Предлагается четко сформулировать православное отношение к правилам ритуальной нечистоты, ведущим начало из Ветхого Завета, отношение к гражданскому и фактическому браку и т.п. По какому чину венчать тех, кто живет в браке уже много лет? Каково соотношение и значение церковного и гражданского браков? Как Церкви реагировать на образование семей лицами, находящимися в разводе? Может ли иметь место специальный чин церковного благословения для лиц, состоящих в разводе и создающих новую семью? Определить отношение Церкви к смешанным бракам православных с инославными, иноверцами, неверующими.
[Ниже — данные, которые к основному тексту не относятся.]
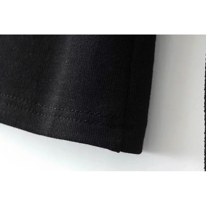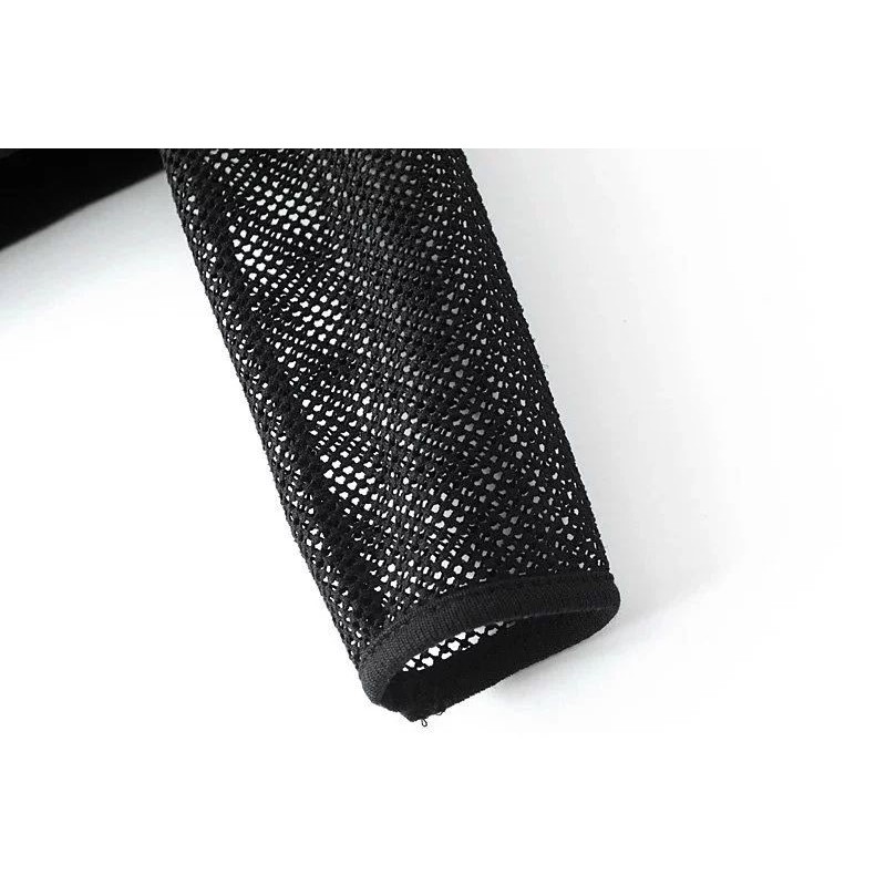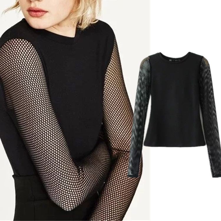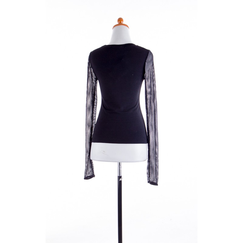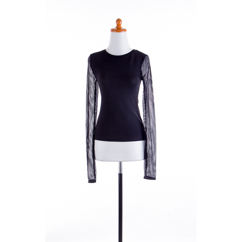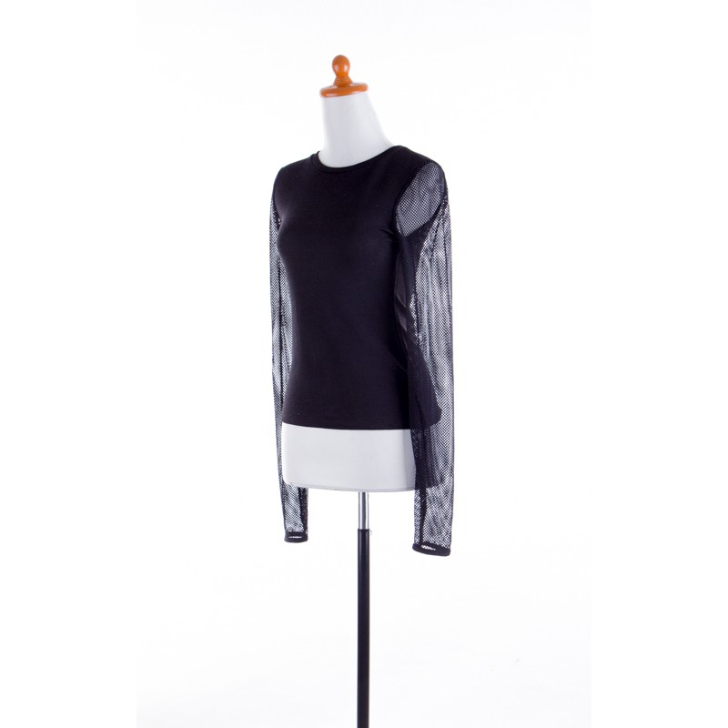 Blouse Lengan Panjang Import - 43385 Black Sleeve Knit Mesh Casual Top

Вопрос о возможности или невозможности венчать незарегистрированные в ЗАГСах браки.

Предлагается разработать сборник предписаний, определяющих единый богослужебный устав для приходов РПЦ.
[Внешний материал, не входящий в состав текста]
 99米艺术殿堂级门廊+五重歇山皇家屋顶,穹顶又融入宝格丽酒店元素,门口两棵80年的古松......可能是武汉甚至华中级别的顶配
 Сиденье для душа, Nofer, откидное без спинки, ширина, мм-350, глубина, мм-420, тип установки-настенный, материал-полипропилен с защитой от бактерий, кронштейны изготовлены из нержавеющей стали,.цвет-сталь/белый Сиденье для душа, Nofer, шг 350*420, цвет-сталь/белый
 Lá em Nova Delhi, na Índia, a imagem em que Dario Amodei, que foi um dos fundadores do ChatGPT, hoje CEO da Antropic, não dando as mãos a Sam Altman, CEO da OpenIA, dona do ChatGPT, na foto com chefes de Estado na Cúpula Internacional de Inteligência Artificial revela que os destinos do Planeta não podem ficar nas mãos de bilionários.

В области церковного права указывается на необходимость выработать общецерковные положения в отношении: а) нижнего предела возраста ставленников; б) то же — для неженатых ставленников; в) то же — для монашеского пострига; г) определения пределов икономии в случаях двоеженства клириков и т.п.; д) единых правил и практики, касающихся дней совершения венчания; е) недопустимости примирения с распространенной повсеместно практикой крещения обливанием даже детей; ж) процесса и формулы о разводе.

Предлагается определить церковно-административные границы пастырской и духовнической ответственности.
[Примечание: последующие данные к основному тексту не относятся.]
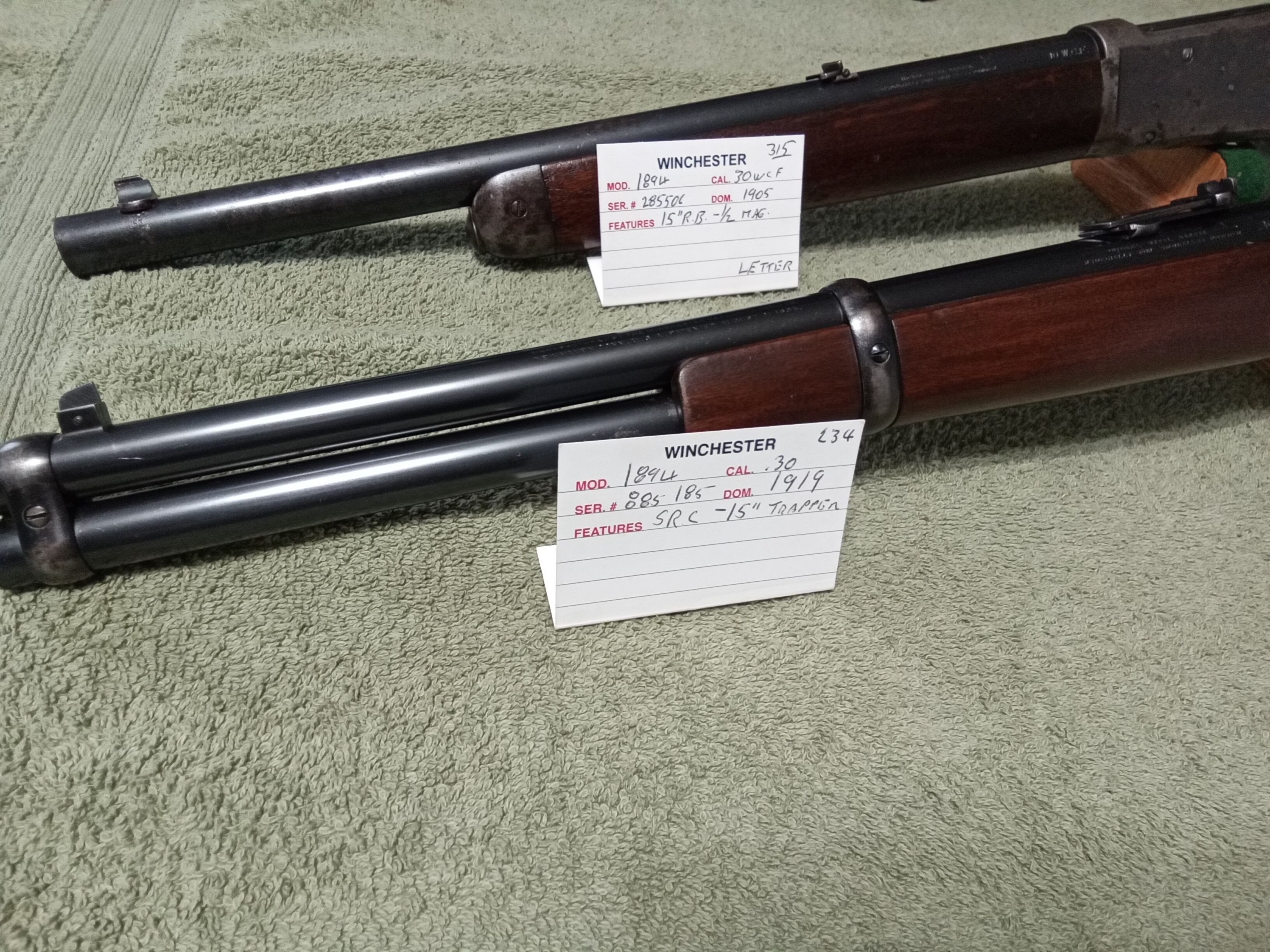 OfflineAs most of You know I am very partial to the “trappers”. By comparison here is a 15″ “trapper” carbine and a 15″ short rifle , I just find the carbine more asthetically pleasing, (to My eye), in proportion etc. compared to the short rifle. Even though the short rifle is far more rare, (1 of 13), than the carbine, ,(1 of 272), letterable, I still prefer the looks of the carbine. I have the history and factory letter for the short rifle, see Winter 2025 W.A.C.A. magazine, but the carbine is to late to letter, but is 100% correct. In this case the rifle was carried and used in the rugged environment of northern Canada while the carbine spent most of it’s life in a gentleman’s gun room in Wisconsin.![]()

Соборно определить и рекомендовать для практического применения срока епитимий, касающихся временного отлучения от Святого Причащения.

Предлагается дать богословскую оценку Уставу об управлении РПЦ.

Дать современное богословское толкование терминам “акривия” и “икономия” в канонической практике.

Провести богословский анализ вопроса об автономии и автокефалии.

Дать богословское обоснование 3-м чинам приема в Православную Церковь из инославия.

Составить сборник пастырско-канонических предписаний, в котором были бы определены формы и способы применения канонических правил Православной Церкви в современных условиях.

Для контроля за содержанием издаваемых книг на церковные темы предлагается учредить церковную цензуру.

В сфере межправославных отношений указывается на то, что множество проблем, прежде всего, экклезиологических и канонических, требуют общеправославного богословского решения. Утверждение внутреннего единства Православной Церкви в свидетельстве современному миру требует возрождения ее соборной жизни.

По проблеме отношений Православной Церкви к инославию говорится о том, что исторически оно оставалось весьма противоречивым и колебалось от самоизоляции до стремления к открытости инославию и даже попыток уподобления ему. Наиболее продуктивным, очевидно, будет средний путь — свидетельство вероучительной полноты православной истины всему христианскому миру и частичное усвоение практического и научного опыта инославия.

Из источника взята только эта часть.